Есть вещи, которые невозможно сокрыть и достаточно одной детали, всплывшей из ушедших времен, чтобы правда стала живой реальностью.

– Когда я спрашивал у твоей матери о Джейсоне, почему она поцеловалась с ним у меня на глазах, то она оправдывала себя тем, что он насильно это сделал, насильно проявлял свои чувства к ней, чтобы завладеть…

Отец смог так поступить?

Решивший докопаться до истины, спрашиваю:

– Позволите уточнить, то есть вы не стали бороться за неё и позволили отдать другому?

С жесткой улыбкой отвечает:

– Бороться? Мм… – поджимает губы в тонкую линию, спрашивая сначала как бы с удивлением и затем: – Не успел. Джейсон сделал предложение твоей маме, и она выбрала его. Он купил дом неподалеку от того, в котором я спустя время стал жить с Анной. Представь, каково это… – отчаивается он, – постоянно видеть их. Соревнование это или нет, какие помыслы в нем были или не были – я так и не узнал…

Я не понимал его до этой минуты, но с разрывающей мое сердце простотой он признал то, что таил в себе. И я увидел его насквозь.

Предали его любовь, предали его дружбу, он остался один на один с жизненной зияющей стихией. Одна только ночь видела мытарства его опустошенной души. Наивно рассчитывать на то, что человек сможет порвать сильные чувства, когда предмет страдания попадается на глаза. Они покроются туманным пространством, но не избавятся от любящей, истерзанной души.

– Не представляю, как вы справлялись… – потрясенно выражаюсь я, обдумывая, как после этого я буду смотреть в глаза отцу и матери.

– Я заглушал противные воспоминания поездками по миру и на одной из них, в Мадриде, повстречал Анну. Знакомство с ней мне помогло снизить боль… Снизить, но не убрать навсегда, – приподнятым указательным пальцем подчеркивает свои слова. – Когда Анна переехала ко мне, мы время от времени видели Марию, Джейсона, гуляющих по городу.

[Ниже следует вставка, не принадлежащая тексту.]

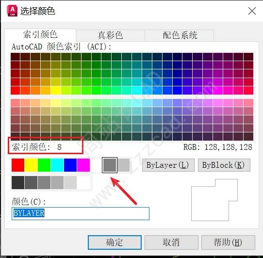 这时我们就可以通过1-256快捷键来快速修改对象颜色,1-255,分别对应以下颜色,记住常用色号即可,256为随层;
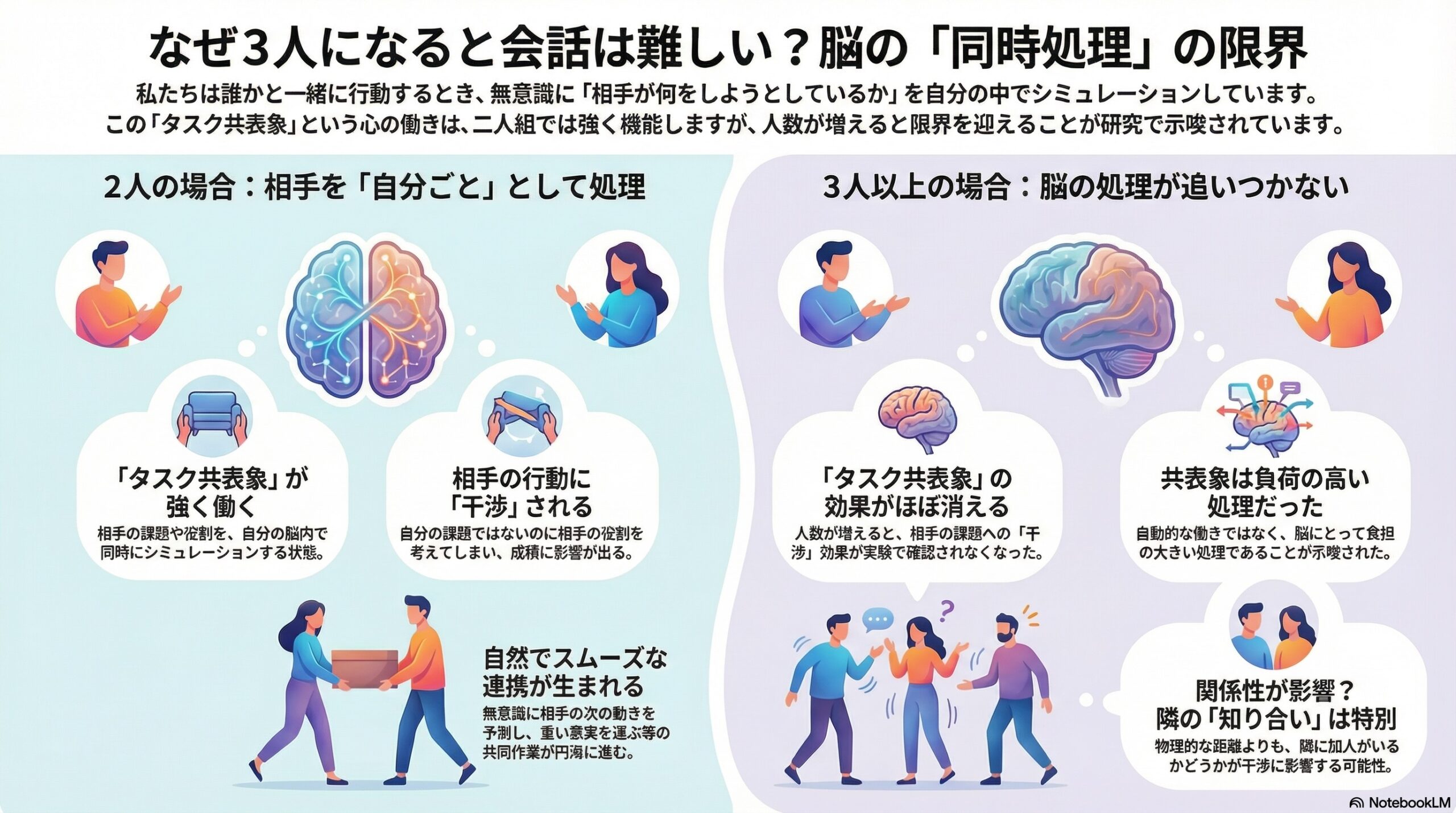 - 二人までは相手の役割を同時に頭の中に取り込む「タスク共表象」が働くが、三人以上では起こりにくくなる。
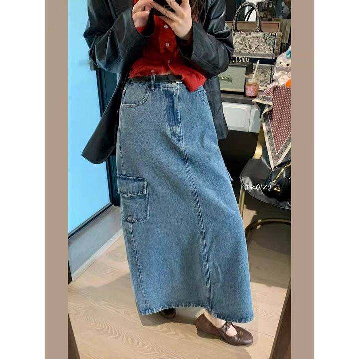 【MY档口】水洗擦色 全带腰带!复古工装风水洗牛仔裙A字半裙长裙

И делали вид, что не знаем друг друга. Ха, – вываливает смешок, – самые настоящие незнакомцы. И никто не знал, что я чувствовал… Никто. Кошки скребли в груди, душа разъедалась желчью. Но…

Ощущается, что сейчас он скажет самое главное, рассеет все иллюзии и нервное ожидание от продолжения его рассказа усиливается.

– В день рождения Марии, пятнадцатого сентября, – томимый юношеской любовью, он задумчиво барабанит пальцами по бедру, – я отправился после работы в парк, явно упав духом. Я сел на лавочку, провожая этот день, и взирал на бледнеющий пурпур заката с мыслью, что, чтобы я не делал, я не могу выкинуть из сердца ту, что предала меня, но должен… Я четко для себя определил, что со следующего дня я буду жить иначе, не думать о ней, предам все думы забвению. У меня была прекрасная жена, достойная работа, живые родители. Казалось, есть всё для счастья, не так ли?

В мозгу бьется догадка, что их пути встретились.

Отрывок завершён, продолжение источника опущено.